Johnson v. Bishop

902 N.E.2d 763, 388 Ill. App. 3d 235, 2009 WL 454611
CourtAppellate Court of Illinois
DecidedFebruary 10, 2009
Docket3-08-0271
StatusPublished

This text of 902 N.E.2d 763 (Johnson v. Bishop) is published on Counsel Stack Legal Research, covering Appellate Court of Illinois primary law. Counsel Stack provides free access to over 12 million legal documents including statutes, case law, regulations, and constitutions.

Bluebook
Johnson v. Bishop, 902 N.E.2d 763, 388 Ill. App. 3d 235, 2009 WL 454611 (Ill. Ct. App. 2009).

Opinion

PRESIDING JUSTICE O’BRIEN

delivered the opinion of the court:

Following his injury in a vehicle collision, plaintiff Todd Johnson brought a suit sounding in negligence against defendants Robert Sonnemaker and David McLeod in which Johnson alleged the defendants were negligent in failing to prevent defendant Thomas Bishop, the driver of the other vehicle involved in the collision, from gaining access to the keys of the vehicle, which belonged to Sonnemaker. Sonnemaker and McLeod filed a motion to dismiss the counts against them under section 2 — 619 of the Code of Civil Procedure (the Code) (735 ILCS 5/2 — 619 (West 2004)). The trial court granted their motion and Johnson follows with this appeal. We affirm the trial court.

FACTS

On December 3, 2005, plaintiff Todd Johnson was involved in a vehicular collision in which the vehicle he was driving collided with a Ford Taurus driven by defendant Tom Bishop. Johnson filed an action for negligence against Bishop and defendants Sonnemaker and McLeod. In counts II and III of the complaint, Johnson alleged that on the date of the incident, Bishop stole the Taurus keys and the Taurus from Sonnemaker’s residence. Johnson alleged that Sonnemaker and McLeod, who lived with Sonnemaker and possessed a set of keys to the Taurus, were aware that Bishop, their houseguest, was a “person without a permanent residence, and a drug user of crack cocaine.” With respect to McLeod, Johnson also alleged that on the date of the collision, McLeod retired for the night and left Bishop awake in the kitchen of the house. Johnson alleged the defendants failed to prevent Bishop from gaining access to the Taurus keys “in light of the unreasonable risk of the car being stolen with *** Bishop staying in [the] house.”
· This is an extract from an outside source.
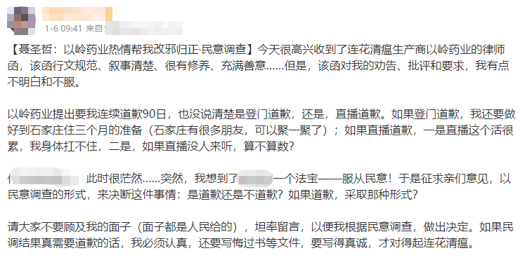 聂圣哲称,因此征求网友们的意见,“以民意调查的形式,来决断这件事情:是道歉还是不道歉?如果道歉,采取哪种形式?请大家不要顾及我的面子,坦率留言,以便我根据民意调查,作出决定。如果民调结果真需要道歉的话,我必须认真,还要写悔过书等文件,要写得真诚,才对得起连花清瘟。”
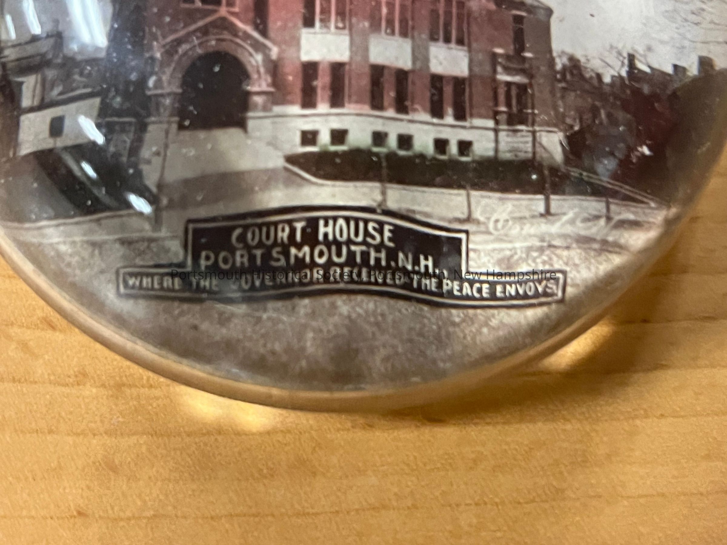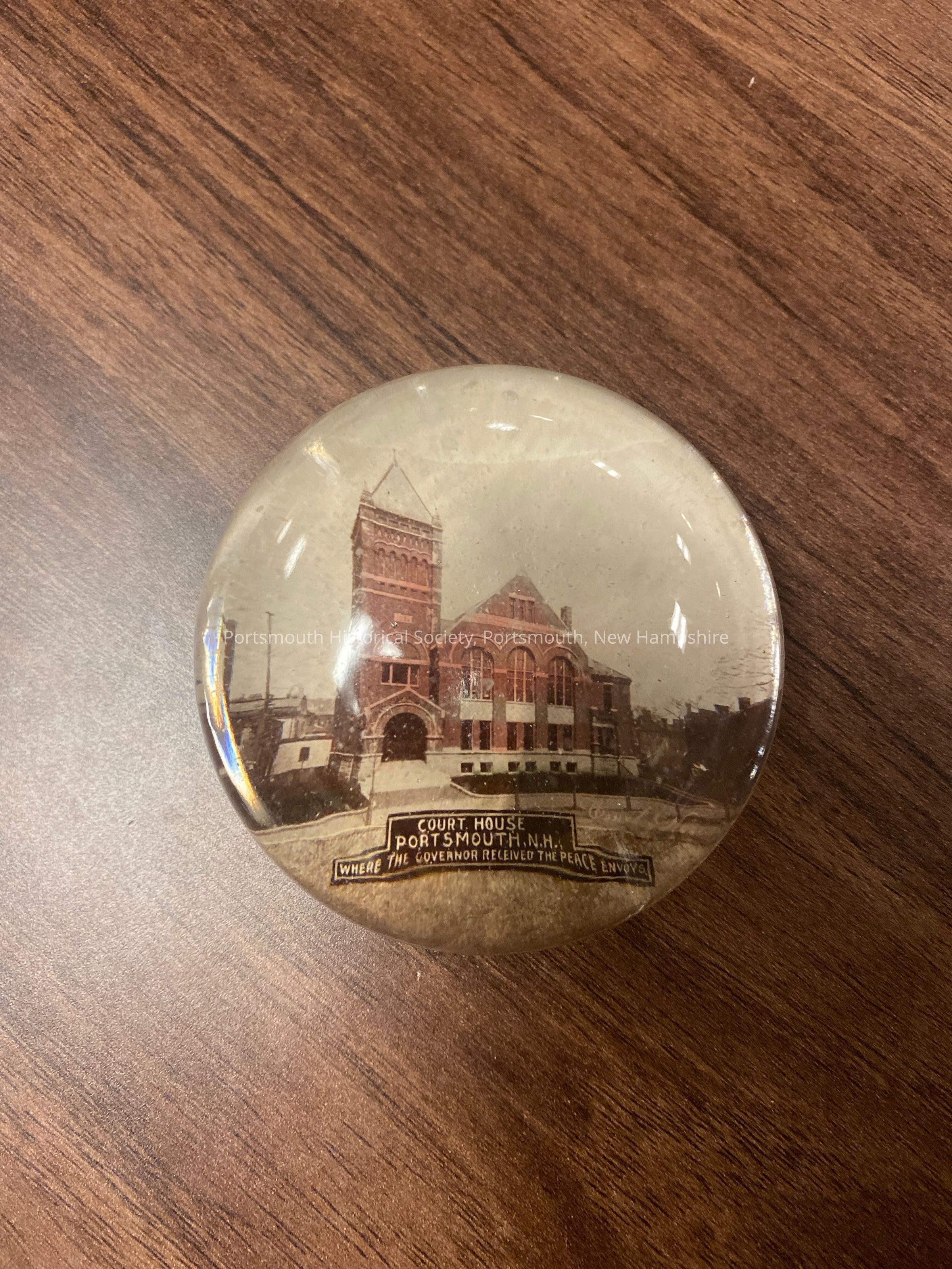 Small, round, paperweight with color photograph of the old Portsmouth Court House. Below the image is the legend: "COURT HOUSE / PORTSMOUTH, N.H. / WHERE THE GOVERNOR RECEIVED THE PEACE ENVOYS."

Included in the record on appeal is an affidavit sworn to by defendant Sonnemaker. In the affidavit, Sonnemaker attests that the only person, other than himself, who possessed keys to the Taurus was David McLeod, his roommate. According to Sonnemaker, Bishop was never given permission to use the vehicle. Sonnemaker attested that on the evening of December 2, 2005, through December 3, 2005, he did not leave the vehicle keys in the Taurus, which was parked at his residence. Sonnemaker attested the keys were in his possession at that time and were not accessible to Bishop. Sonnemaker stated his keys continued to remain in his possession.

The record also includes a partial transcript of the deposition testimony of Sonnemaker. In his deposition, Sonnemaker stated, in part, that the vehicle keys were never left in plain sight and that in the winter he generally kept his keys in his coat pocket, and if people were around the house, he would “hide them away.” Sonnemaker stated that on one or two occasions, McLeod, who had a set of keys to the Taurus, allowed Bishop to drive the vehicle; McLeod accompanied Bishop. Sonnemaker was upset that this had occurred and instructed McLeod not to allow Bishop to drive the vehicle again.

David McLeod was also deposed and a partial transcript of his deposition is included in the record. McLeod stated in his deposition that he allowed Bishop to drive the Taurus on four or five occasions, always with McLeod present. Tom Bishop was “just someone [he] met *** in February of [2005].” McLeod stated that on the evening of December 2 to 3, 2005, he retired for the evening around 9:30 p.m. He was awakened around 1:15 a.m. by noise from the television and when he arose he saw Bishop sitting in the kitchen watching television. After telling Bishop he “need[ed] to go to bed,” McLeod returned to bed and fell asleep. McLeod stated that during this time his set of keys to the Taurus was in a bag with his credit cards, cell phone and identification. He never kept the bag in one particular spot; however, on that evening he recalled the bag was inside his lunch box, which he had placed on top of the dryer in the utility porch. McLeod stated he never left the keys in plain sight in the house when Bishop was present. McLeod’s keys were recovered at the scene of the collision.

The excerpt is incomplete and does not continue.